Intro to design systems

I have worked in the design area for 10 years now and my experience has taught me that good design is born out of need. My focus for quite some time has been software design and in particular design…

Smartphone

独家优惠奖金 100% 高达 1 BTC + 180 免费旋转




Want to learn how Viewstamped Replication works? Read this summary.

It presents an updated explanation of Viewstamped Replication, a replication technique that handles failures in which nodes crash. It describes how client requests are handled, how the group reorganizes when a replica fails, and how a failed replica is able to rejoin the group.

The Viewstamped Replication protocol, referred to as VR, is used for replicated services that run on many nodes known as replicas. VR uses state machine replication: it maintains state and makes it accessible to the clients consuming that service.

Some features of VR:

We can provide a simple proof for the above statement: in a system with f crashed nodes, we need at least the majority of f+1 nodes that can mutually agree to keep the system functioning.

A group of f+1 replicas is often known as a quorum. The protocol needs the quorum intersection property to be true to work correctly. This property states that:

VR architecture

The architecture of VR is as follows:

If all the replicas should end in the same state, it is important that the above condition is met.

VR deals with the replicas as follows:

Primary: Decides the order in which the operations will be executed

Secondary: Carries out the operations in the same order as selected by the primary

What if the primary fails?

We consider the following three scenarios of the VR protocol:

The state maintained by each replica is presented in the figure above. Some points to note:

The client side proxy also maintains some state:

The normal operation of VR can be broken down into the following steps:

Usually the PREPARE message is used to inform the backup replicas of the committed operations. It can also do so by sending a COMMIT message.

To execute a request, a backup has to make sure that the operation is present in its log and that all the previous operations have been executed. Then it executes the said operation, increments its commit-number, and updates the client’s entry in the client-table. But it doesn’t send a reply to the client, as the primary has already done that.

There is no leader election in this protocol. The primary is selected in a round robin fashion. Each member has a unique IP address. The next primary is the backup replica with the smallest IP that is functioning. Each number in the group is already aware of who is expected to be the next primary.

Every executed operation at the replicas must survive the view change in the order specified when it was executed. The up-call is carried out at the primary only after it receives f PREPAREOK messages. Thus the operation has been recorded in the logs of at least f+1 replicas (the old primary and f replicas).

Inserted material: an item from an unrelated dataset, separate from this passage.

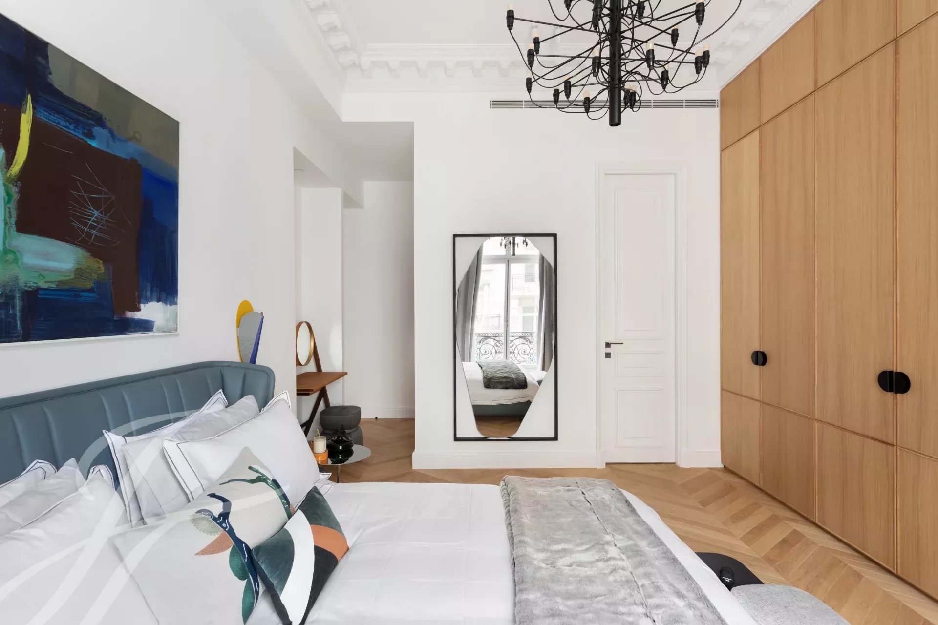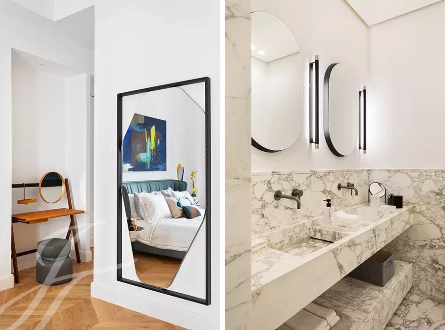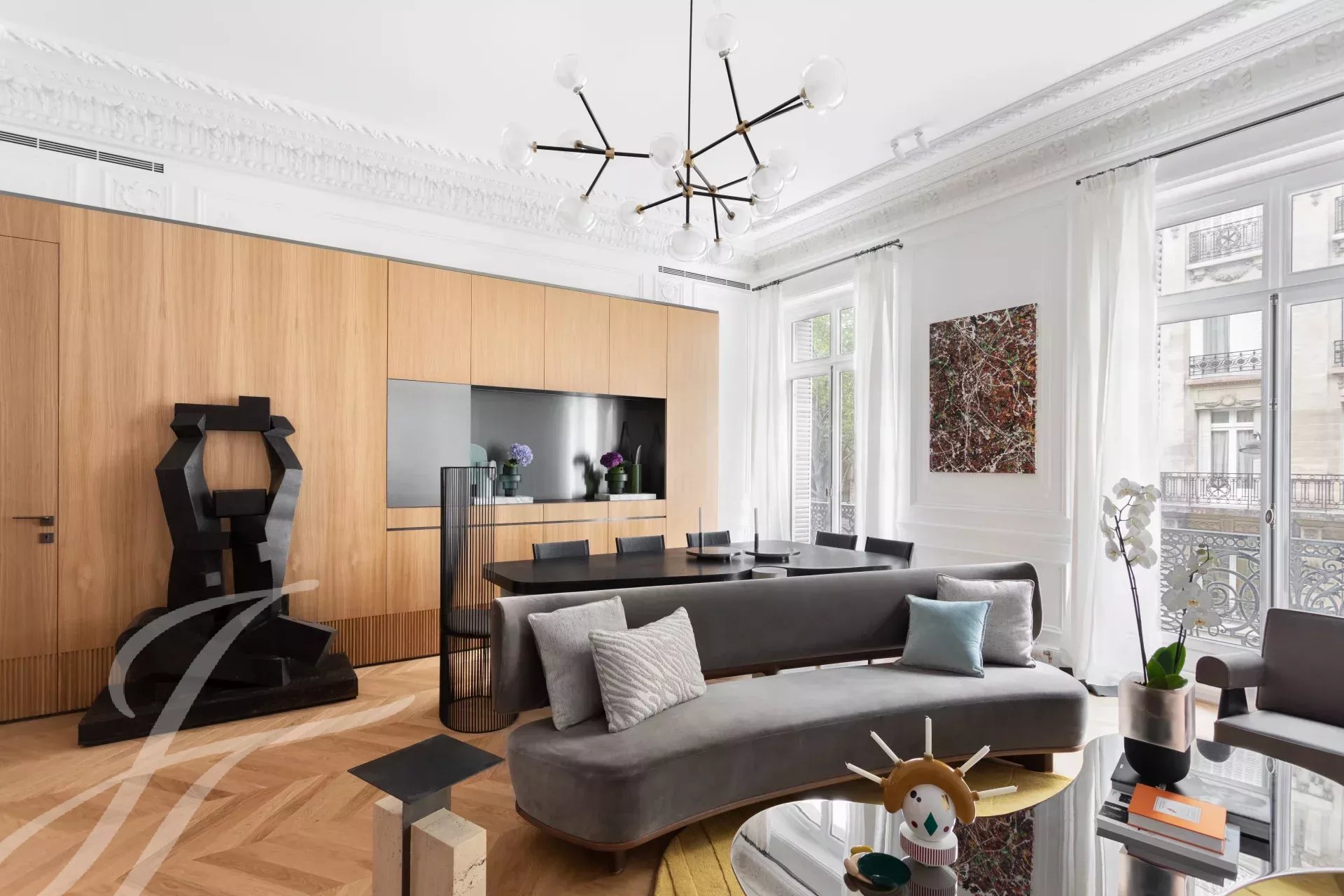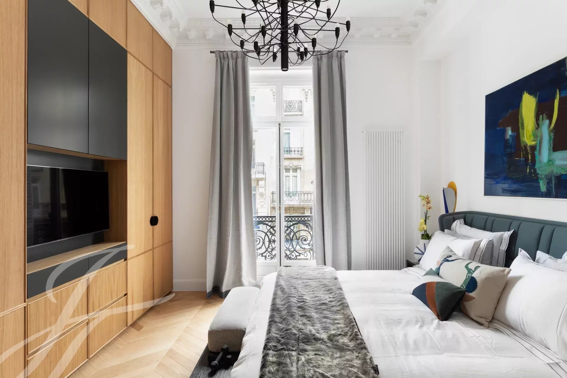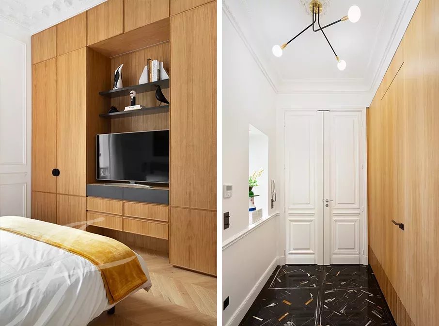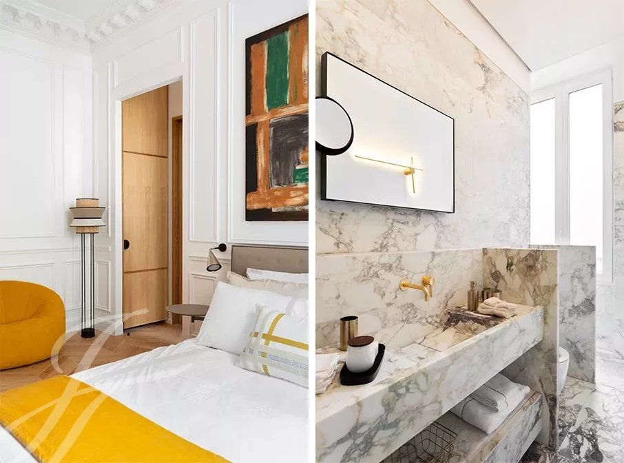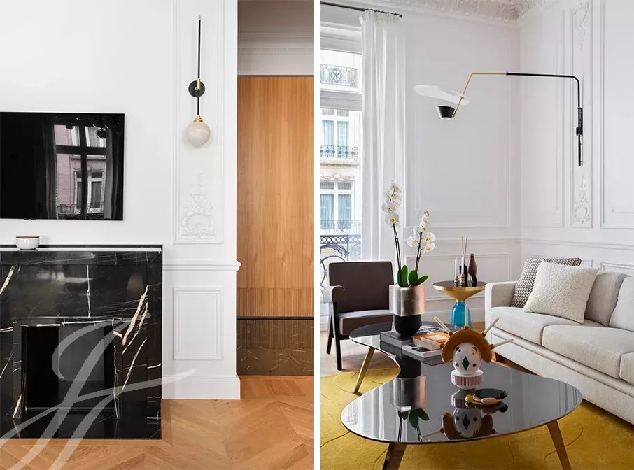 Close to the Four Seasons and Bulgari hotels, between Avenue Marceau and Avenue George V, two bedroom apartment entirely renovated by an architect on the 2nd floor of a period building with beautiful common areas.

To make the view change operation more efficient, the paper describes the following approach:

The replica should not “forget” anything it has already done. One way to ensure this is to persist the state on disk — but this will slow down the whole system. This isn’t necessary in VR because the state is persisted at other replicas. It can be obtained by using a recovery protocol provided that the replicas are failure independent.

The recovery protocol is as follows:

Reconfiguration deals with epochs. The epoch represents the group of replicas processing client requests. If the threshold for failures, f, is adjusted, the system can either add or remove replicas and transition to a new epoch. It keeps track of epochs through the epoch-number.

Another status, namely transitioning, is used to signify that a system is moving between epochs.

The VR sub protocols need to be modified to deal with epochs. A replica doesn’t accept messages from an older epoch compared to what it knows, such as those with an older epoch-number. It informs the sender about the new epoch.

During a view-change, the primary cannot accept client requests when the system is transitioning between epochs. It does this by checking if the topmost request in its log is a RECONFIGURATION request. A recovering replica in an older epoch is informed of the epoch if it is part of the new epoch or if it shuts down.

The issue that comes to mind is that the client requests can’t be served while the system is moving to a new epoch.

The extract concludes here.